If I read the whole thing again I would actually say it becomes
misleading and worth fixing before applying this. Also because the
relationship to the text in the RFC is not obvious anymore.
This should be "if SYN retries happened during handshake, ...".
> > * - FIN_TIMEOUT: if a FIN segment was sent to tap/guest (flag ACK_FROM_TAP_DUE
> > * with TAP_FIN_SENT event), and no ACK is received within this time, reset
> > * the connection
> > @@ -340,6 +343,7 @@ enum {
> >
> > #define ACK_INTERVAL 10 /* ms */
> > #define RTO_INIT 1 /* s, RFC 6298 */
> > +#define RTO_INIT_ACK 3 /* s, RFC 6298 */
>
> The relevance of "_ACK" in the name is not obvious to me.
What about RTO_INIT_AFTER_SYN_RETRIES? We use it only once, and it
looks fine there.
>
> > #define FIN_TIMEOUT 60
> > #define ACT_TIMEOUT 7200
> >
> -> @@ -365,9 +369,11 @@ uint8_t tcp_migrate_rcv_queue [TCP_MIGRATE_RCV_QUEUE_MAX];
> >
> > #define SYN_RETRIES "/proc/sys/net/ipv4/tcp_syn_retries"
> > #define SYN_LINEAR_TIMEOUTS "/proc/sys/net/ipv4/tcp_syn_linear_timeouts"

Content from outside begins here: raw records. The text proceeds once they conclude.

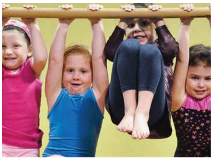
Gymnastics (Location: Simkus Recreation Center) Gymnastics classes are held through a joint program with the Carol Stream Park District at Simkus Recreation Center. We offer Ninja Classes, Cheernastics, Leveled Gymnastics and more available for ages 1-14. Check our website for new sessions beginning in September! (PS)
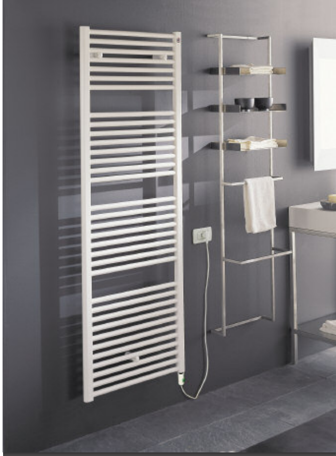
In photo: Ares Electric radiator. Height mm 1720, width mm 580, colour Standard White (cod. 01). Electric heater with switch.
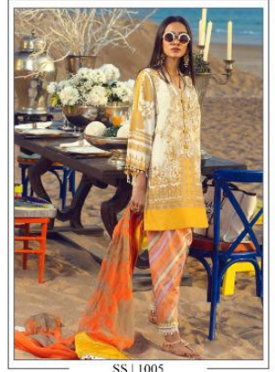
SS | 1005
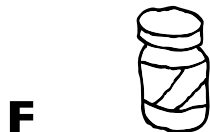
Peanut butter (2 tablespoons)
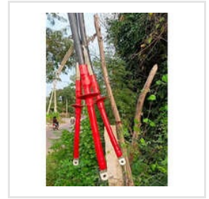
22kv ABC Cable Jointing Kits

> > +#define RTO_MAX_MS "/proc/sys/net/ipv4/tcp_rto_max_ms"
> >
> > #define SYN_RETRIES_DEFAULT 6
> > #define SYN_LINEAR_TIMEOUTS_DEFAULT 4
> > +#define RTO_MAX_MS_DEFAULT 120000
> > #define MAX_SYNCNT 127 /* derived from kernel's limit */
> >
> > /* "Extended" data (not stored in the flow table) for TCP flow migration */
> > @@ -392,7 +398,7 @@ static const char *tcp_state_str[] __attribute((__unused__)) = {
> >
> > static const char *tcp_flag_str[] __attribute((__unused__)) = {
> > "STALLED", "LOCAL", "ACTIVE_CLOSE", "ACK_TO_TAP_DUE",
> > - "ACK_FROM_TAP_DUE", "ACK_FROM_TAP_BLOCKS",
> > + "ACK_FROM_TAP_DUE", "ACK_FROM_TAP_BLOCKS", "SYN_RETRIED",
> > };
> >
> > /* Listening sockets, used for automatic port forwarding in pasta mode only */
> > @@ -590,10 +596,13 @@ static void tcp_timer_ctl(const struct ctx *c, struct tcp_tap_conn *conn)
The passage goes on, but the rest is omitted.